Records from a collection —
....

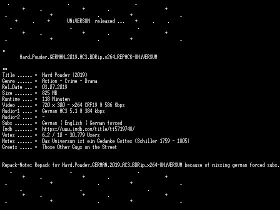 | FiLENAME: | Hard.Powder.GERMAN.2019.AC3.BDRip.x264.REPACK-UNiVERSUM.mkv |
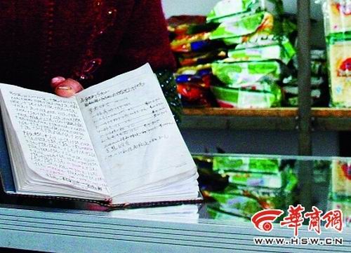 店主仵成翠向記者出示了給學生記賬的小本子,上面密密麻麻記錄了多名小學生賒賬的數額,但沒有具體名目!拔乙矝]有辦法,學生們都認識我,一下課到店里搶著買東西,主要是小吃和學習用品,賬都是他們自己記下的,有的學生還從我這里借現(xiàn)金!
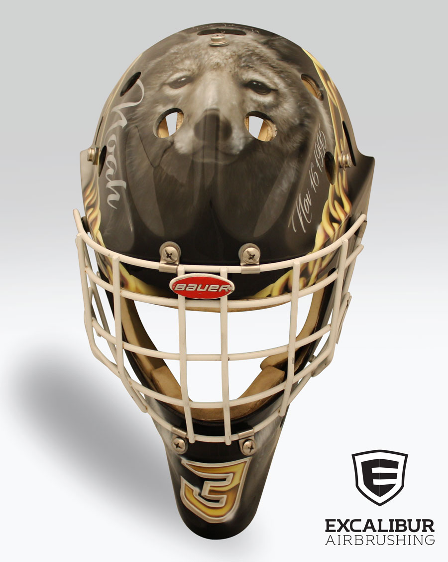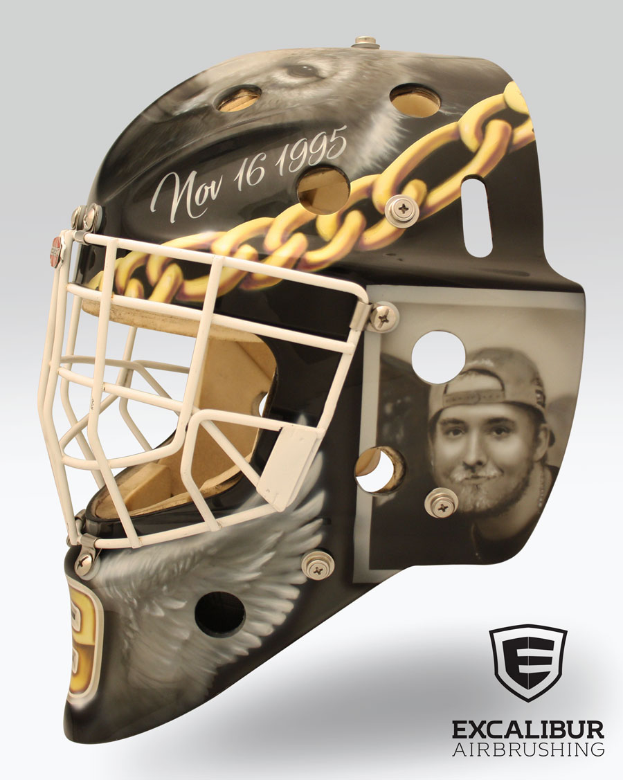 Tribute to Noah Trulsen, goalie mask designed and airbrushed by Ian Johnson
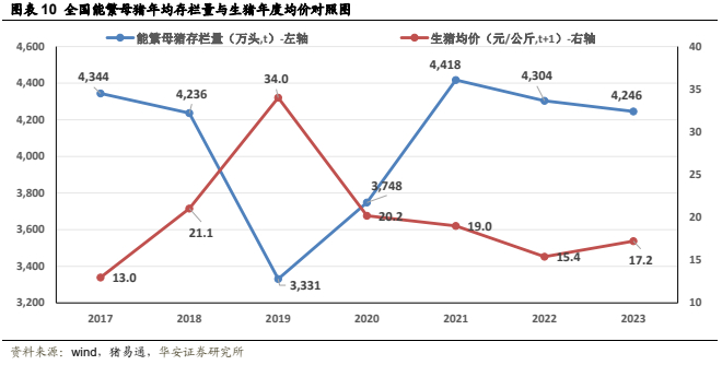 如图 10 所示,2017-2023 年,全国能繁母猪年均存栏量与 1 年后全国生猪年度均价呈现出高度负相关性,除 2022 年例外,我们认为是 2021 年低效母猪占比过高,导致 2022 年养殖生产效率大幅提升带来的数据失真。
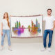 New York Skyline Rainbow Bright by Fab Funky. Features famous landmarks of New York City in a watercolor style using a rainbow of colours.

....

Exercise requirements — What's needed is an exact copy of every entry, minus the pictures.

Expected answer —
 | FiLENAME: | Hard.Powder.GERMAN.2019.AC3.BDRip.x264.REPACK-UNiVERSUM.mkv |
 店主仵成翠向記者出示了給學生記賬的小本子,上面密密麻麻記錄了多名小學生賒賬的數額,但沒有具體名目!拔乙矝]有辦法,學生們都認識我,一下課到店里搶著買東西,主要是小吃和學習用品,賬都是他們自己記下的,有的學生還從我這里借現(xiàn)金!
 Tribute to Noah Trulsen, goalie mask designed and airbrushed by Ian Johnson
 如图 10 所示,2017-2023 年,全国能繁母猪年均存栏量与 1 年后全国生猪年度均价呈现出高度负相关性,除 2022 年例外,我们认为是 2021 年低效母猪占比过高,导致 2022 年养殖生产效率大幅提升带来的数据失真。
 New York Skyline Rainbow Bright by Fab Funky. Features famous landmarks of New York City in a watercolor style using a rainbow of colours.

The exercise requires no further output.